« La situation sécuritaire dans le pays » a été au centre, d’une rencontre à Carthage entre le président de la république, Kaïs Saïed, le ministre de l’Intérieur, Taoufik Charfeddine, et le directeur général de la Sûreté nationale, Mourad Saïdane.

Les discussions ont, notamment, porté sur « les agissements de certaines personnes, derrière lesquelles s trouvent des lobbies connus, en termes de transgression de la loi et d’atteinte à la sûreté nationale », rapporte un communiqué de la présidence.

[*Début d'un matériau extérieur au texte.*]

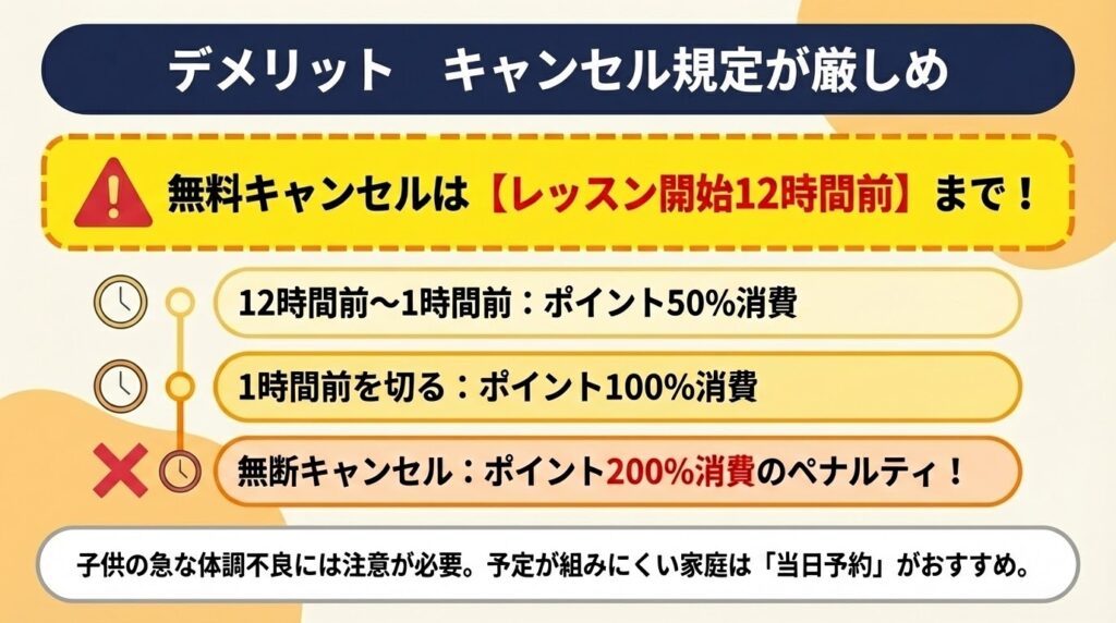 少し厳しく感じるかもしれませんが、これは講師の待機時間を減らし、質の高いレッスンを維持するためのルールなんですね。

Le chef de l’Etat a réaffirmé que « la liberté ne signifie pas anarchie et complot contre la sûreté de l’Etat intérieure et extérieure ».

Il a évoqué « ceux qui procèdent à la distribution des sommes faramineuses aux citoyens en vue d’entraver le deuxième tour de l’élection des membres de l’Assemblée des représentants du peuple, ou pour bloquer la marche normale de certains services publics ».

Outre « les sommes mirobolantes qu’ils perçoivent de l’étranger pour attiser la situation et porter atteinte à la stabilité de l’Etat tunisien ».

Saïed a appelé à « la nécessité d’appliquer la loi à tous, étant donné que la sûreté de l’Etat et la paix civile, ne peuvent être laissées à celui qui tend, désespérément, à y attenter en dehors du champ du questionnement et de la punition ».